O nascimento das grandes cidades
As grandes cidades, pólos de atracção de pessoas de várias origens geográficas e sociais, constituem sempre, por isso mesmo, um mosaico de costumes, falares e cores que a vão transformando gradualmente até serem tidos como normais.
Luanda não é - jamais podia ser - excepção. Olhe-se para as grandes metrópoles e comprova-se isso. São Paulo, Rio de Janeiro, Buenos Aires, Lisboa, Paris, Nova Iorque são exemplos flagrantes desta realidade. Não há programas, nem Planos Directores, que impeçam as transformações. Quando muito podem dar-lhes alguma “arrumação”, mas sempre tendo em conta, e aceitando, determinadas metamorfoses, percebendo-as. Qualquer daquelas grandes cidades não eram o que são hoje se não tivessem acolhido gentes de outros lugares, com outras formas de viver, na maioria das vezes, pelo menos de início, mal aceites.
A grande alteração registada nas últimas décadas em Luanda tornase mais evidente por motivos que apenas não percebe quem não quer. A guerra devastadora que nos impuseram levou milhões de compatriotas a refugiarem-se na capital, a zona mais segura do país, transformando-a em todos os sentidos. O kaluanda acolheu-os. Viu-os ao lado da casa construírem “abrigos” de tábuas mal pregadas, chapas, papelões, oleados. A rua onde morava transformada em mercado de vender tudo o que era possível vender. Entrar-lhe no quintal, no almoço de sábado, cheiros de comida que não conhecia, falas que não entendia e foi solidário. Quando o caudal de trânsito aumentou barafustou, mas não os culpou. Aos poucos integrouos. Recebeu-lhes hábitos, uniram famílias, misturaram paladares e sons. Riram juntos. Juntos lamentaram a guerra que lhes roubou entes queridos, uniram sonhos de uma Pátria de paz, reconciliação, progresso. Ainda no tempo de emboscadas a qualquer momento os que vieram das províncias, principalmente os matuenses, quando eventualmente recebiam encomendas não foram egoístas. Retribuíram a solidariedade e repartiram-nas com o vizinho da capital.
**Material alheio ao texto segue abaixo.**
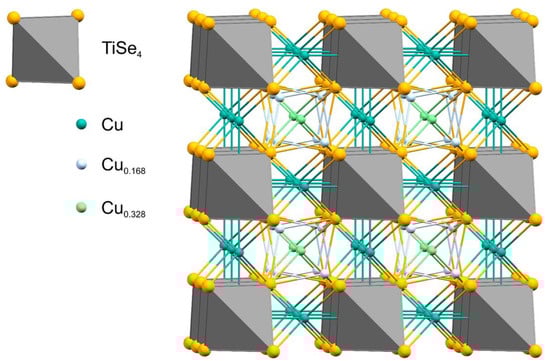Tetrahedral anions TiSe44−, analogous to TiS44−, were reported for the first time in compound Tl4TiSe4 and then in compound Na4TiSe4, both crystallizing in the monoclinic system [11,12]. Changing the cation to Cu+ gives Cu4TiSe4—a compound with a cubic structure [13]. Recent studies of tetracopper tetraselenotitanate, Cu4TiSe4, show its utility due to its exhibition of ultralow lattice thermal conductivity, a bandgap value lying in the optimal range for solar absorber material, and a light absorption coefficient in the visible range greater than 105 cm−1, making it a promising thermoelectric and solar energy material [13,14].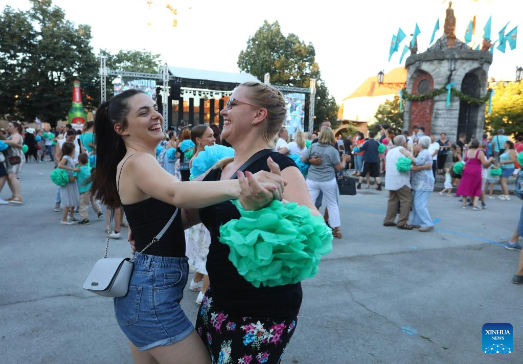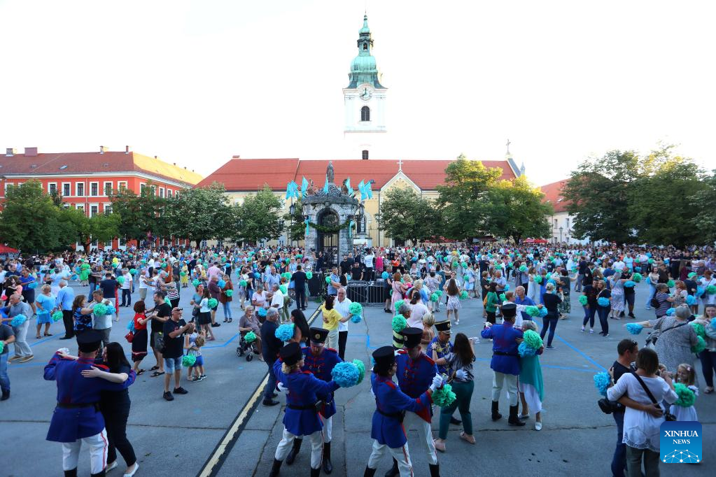 People dance during a birthday ball in Karlovac, Croatia, on July 13, 2022. A total of 443 couples danced during the birthday ball in central Karlovac to celebrate the 443rd anniversary of its creation on Wednesday. (Kristina Stedul Fabac/PIXSELL via Xinhua)

Juntos comemoraram o calar dos tiros e de mãos dadas começaram a reconstruir o país, tornaram transitáveis os caminhos minados, reergueram pontes, escolas, hospitais, refizeram cidades, embelezaram-nas. Quando o kaluanda perguntava aos fugidos da guerra por que não voltavam à terra e deixavam a confusão da capital, muitos respondiam-lhe com convicção que a terra deles “agora é Luanda e os filhos, até netos, já nasceram aqui, não dá mais para começar tudo de novo”. Tinham razão. São eles, também, que estão a fazer nascer a nova Luanda, a grande metrópole, com todos os prós e contras, como todas as outras de qualquer parte do mundo. Bem à maneira angolana, quando se visitam na hora de se encontrarem gostam de falar “como é família?” e na despedida “estamos juntos”.
Os filhos de ambos estudaram nas mesmas escolas, nas mesmas universidades, gostam de hambúrgueres, pizzas, colas, kuduro, tarrachinha, guetto zouk e riem dos pais que não dispensam os almoços de sábado que terminam quando a lua já está cansada, jogam sueca e revivem farras de boleros, sembas e tangos, muitas vezes em salões de terra batida. Borrifada, para não levantar poeira.
A nova Luanda que está a nascer não é somente a das centralidades, arranha-céus, centros comerciais, hotéis, restaurantes, vias rápidas, zungueiras que não zungam e vendem sentadas no passeio, vendedoras de saldos que transaccionam dinheiro que falta nos bancos e casas de câmbio, carros que não andam nas horas de ir trabalhar e regressar a casa, trafulhas, corruptos e corruptores. É também a do cruzamento de falas, cheiros, sabores, cores, hábitos - trazidos, encontrados, inventados - , de mudanças irreversíveis. Sempre com esperança e um sorrido nos lábios, mesmo em alturas de ter raivas e vontade de chorar.
As grandes cidades nascem assim. Mesmo que o parto seja doloroso e prolongado. Luanda não foge à regra.